--- The task ---
Transcribe all of the data exactly. Images stay out.

--- Data section ---

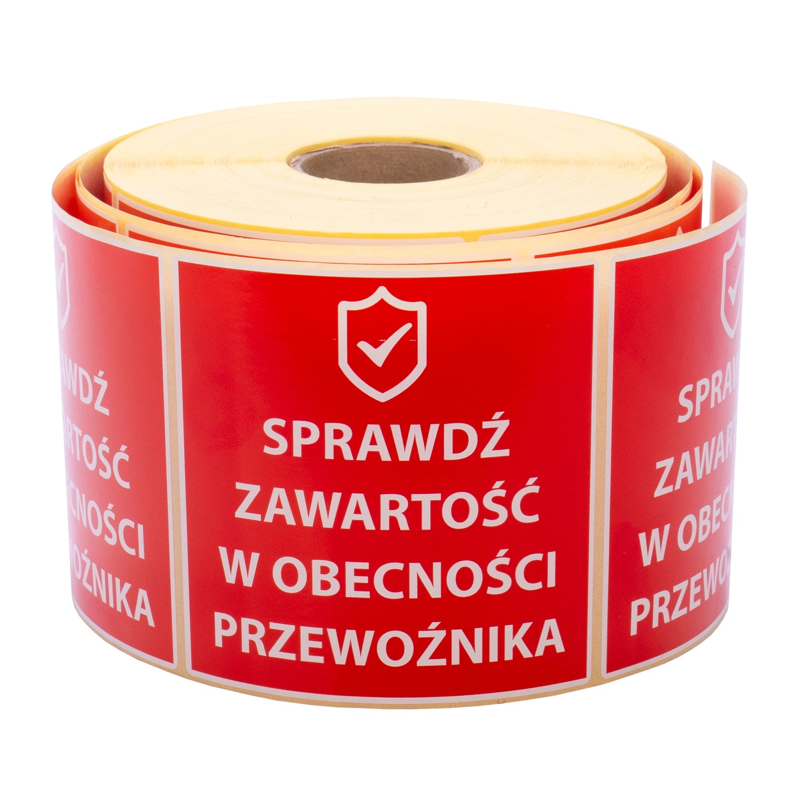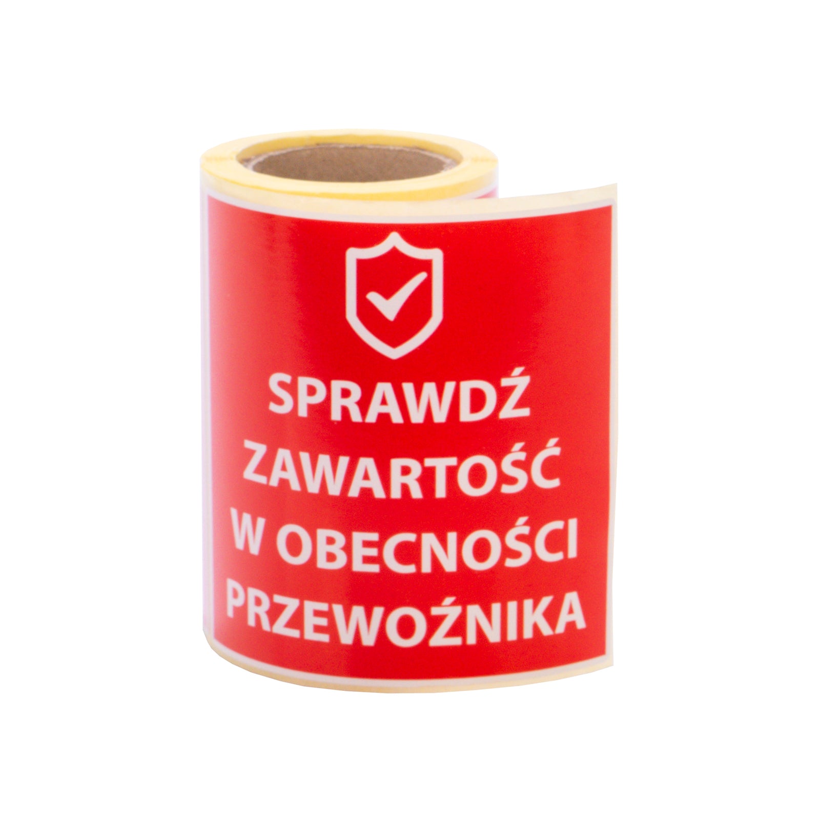 Etykiety ostrzegawcze- Sprawdź zawartość- 98x98mm 100 szt.
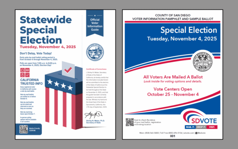 San Diego, California – Más de 2 millones de votantes registrados en el condado recibirán pronto su folleto de información electoral por correo. Este incluye opciones para votar, fechas importantes, una boleta de muestra, y una lista de…
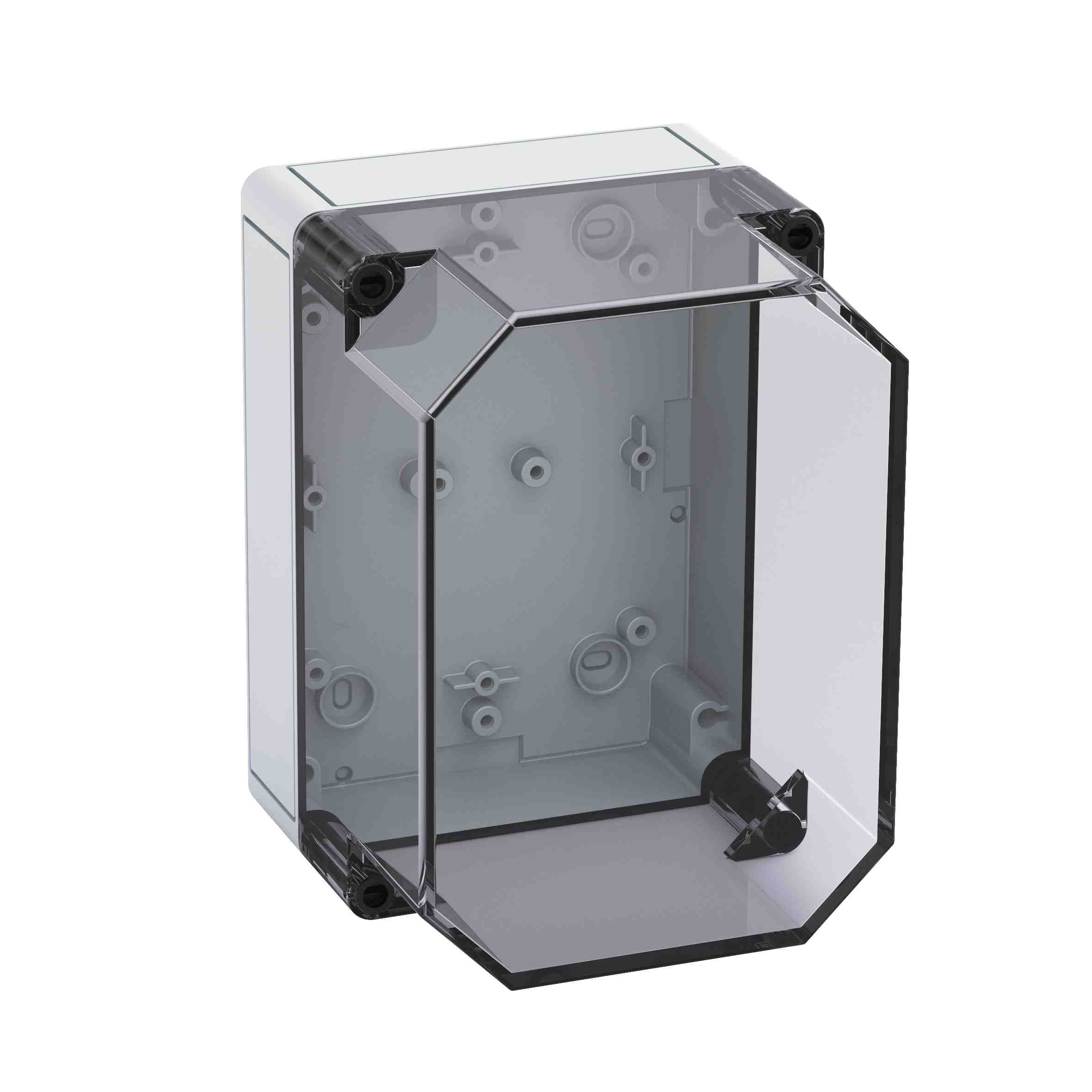 Prázdná skříň, se stupněm krytí IP66, polystyren, Ui=690V AC, Ui=1000V DC, Vnitřní místa pro připevnění, pro standardní instalace ve vnitřním prostoru, Krabice: polystyren, šedá, Víko: polykarbonát, transparenti, hladké boky Rozměry: 180 x 130 x 137 mm
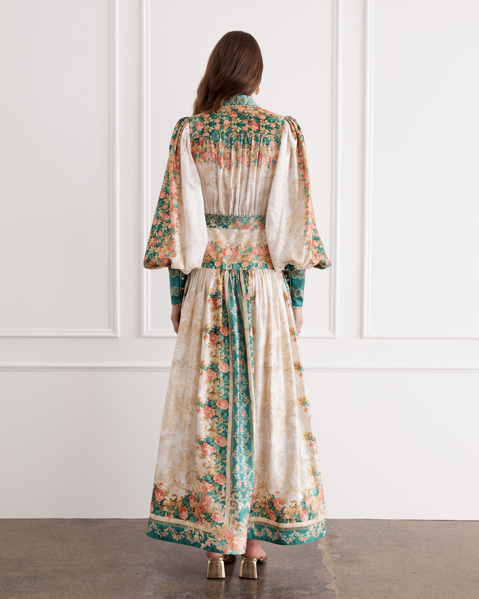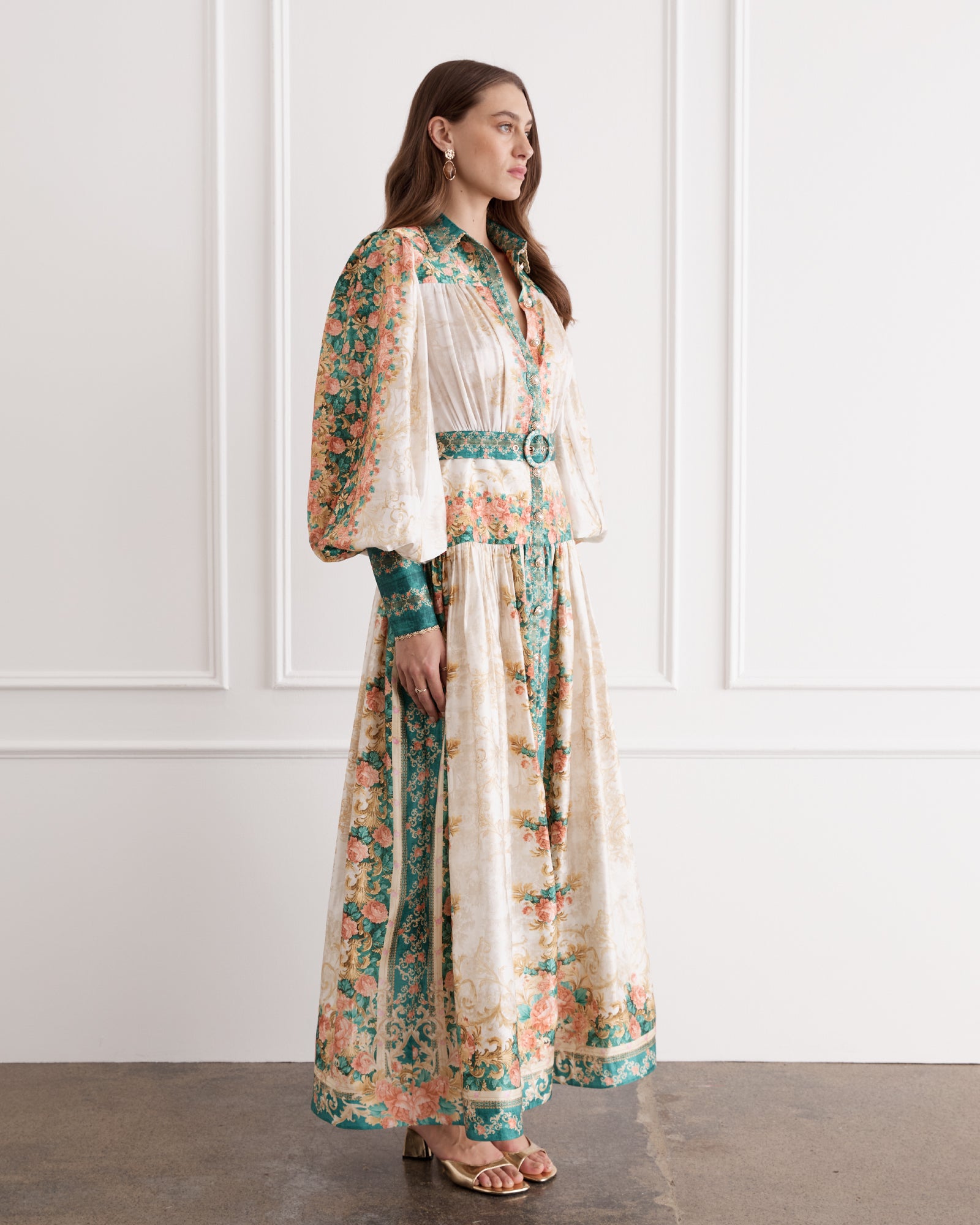 The Genevieve Dress embodies a chic and effortless silhouette. Woven from the softness of Mulberry Silk and the strength of Cotton, allowing it to drape with a fluidity that moves as you do. The artful blouson sleeves balanced with a structured cuff add a flare of boldness and refinement.

--- Written answer ---
 Etykiety ostrzegawcze- Sprawdź zawartość- 98x98mm 100 szt.
 San Diego, California – Más de 2 millones de votantes registrados en el condado recibirán pronto su folleto de información electoral por correo. Este incluye opciones para votar, fechas importantes, una boleta de muestra, y una lista de…
 Prázdná skříň, se stupněm krytí IP66, polystyren, Ui=690V AC, Ui=1000V DC, Vnitřní místa pro připevnění, pro standardní instalace ve vnitřním prostoru, Krabice: polystyren, šedá, Víko: polykarbonát, transparenti, hladké boky Rozměry: 180 x 130 x 137 mm
 The Genevieve Dress embodies a chic and effortless silhouette. Woven from the softness of Mulberry Silk and the strength of Cotton, allowing it to drape with a fluidity that moves as you do. The artful blouson sleeves balanced with a structured cuff add a flare of boldness and refinement.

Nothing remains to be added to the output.